When talking about a place with ‘Les’ as part of the name, you must use a plural preposition like so:

Je suis le poinçonneur des Lilas – I am the ticket puncher of Lilas 

Je vais aux Lilas – I am going to Les Lilas

Il est né aux Lilas – He was born in Les Lilas  

Islands 

Islands follow more complicated rules. 

If you are talking about going to one island in particular, you would use à or en. This has nothing to do with gender and is entirely randomised. For example:

Je vais à La Réunion – I am going to La Réunion 

Je vais en Corse – I am going to Corsica 

Generally speaking, when talking about one of the en islands, you would use the following structure to suggest movement from the place: 

Je viens de Corse – I am coming from Corsica 

For the à Islands, you would say:

Je viens de La Réunion – I am coming from La Réunion 

When talking about territories composed of multiple islands, you should use aux.

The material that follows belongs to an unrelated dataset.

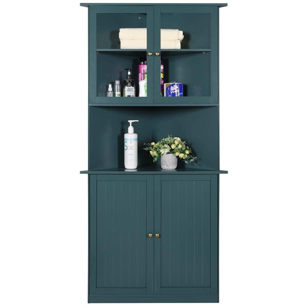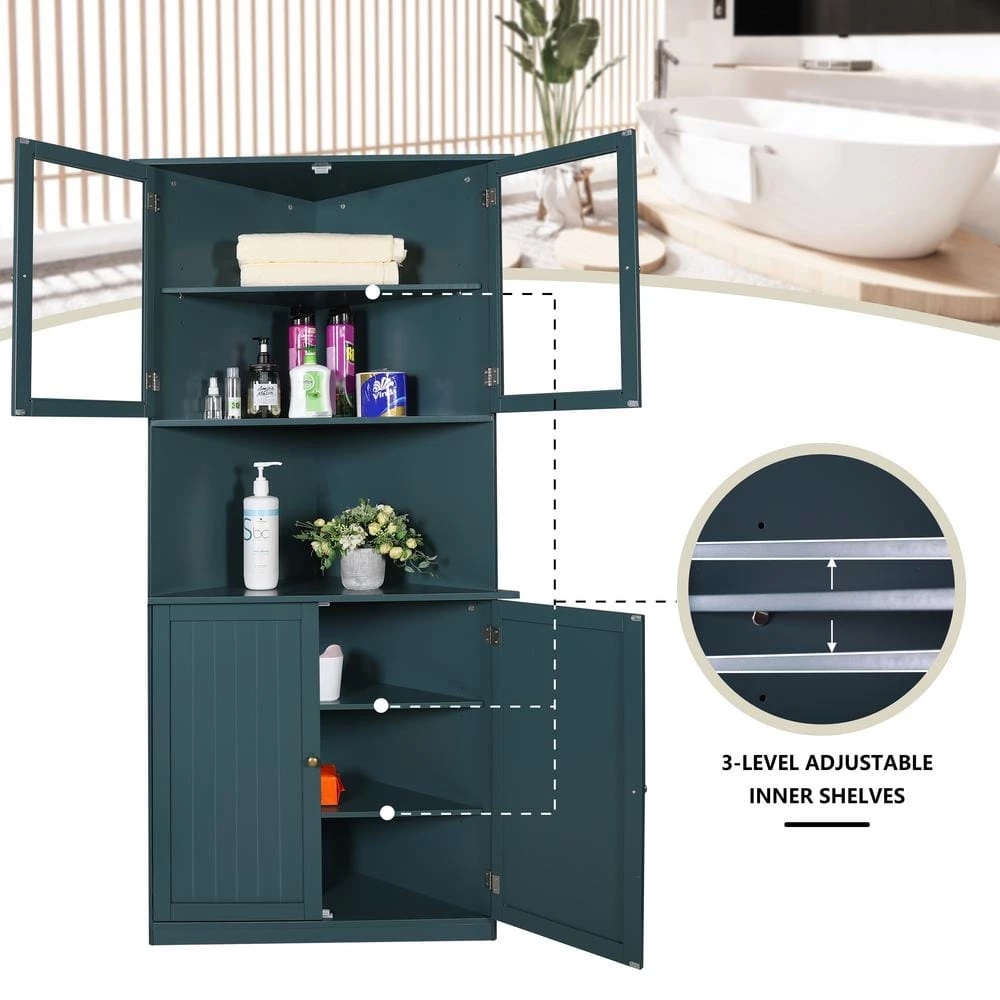 The corner cabinet is made of MDF material, the overall dimensions of this corner cabinet storage is 34.3 in. L x 24.6 in. W x 71 in. H. It is designed as a triangle shape, which can fill up an unused corner and turn it into valuable space. This corner shelf can work out perfectly for bathroom, kitchen, living room or bedroom. The shelves of the corner cabinet can be adjustable according to your needs to create a larger storage space for some big items. Glass doors makes your inside clean and dry. This great corner cabinet storage will be perfect addition to your home.

Je vais aux Maldives – I am going to the Maldives. 

No preposition needed 

There are some phrases in French which don’t require any a preposition at all. This doesn’t change when dealing with ‘Le’ places, such as Le Mans – which is famous for its car-racing track and Motorcycle Grand Prix. Phrases that don’t need a preposition include: 

Je visite Le Mans – I am visiting Le Mans

J’aime Le Mans – I like Le Mans

But for a preposition phrase, the town becomes simply Mans, as in Je vais au Mans.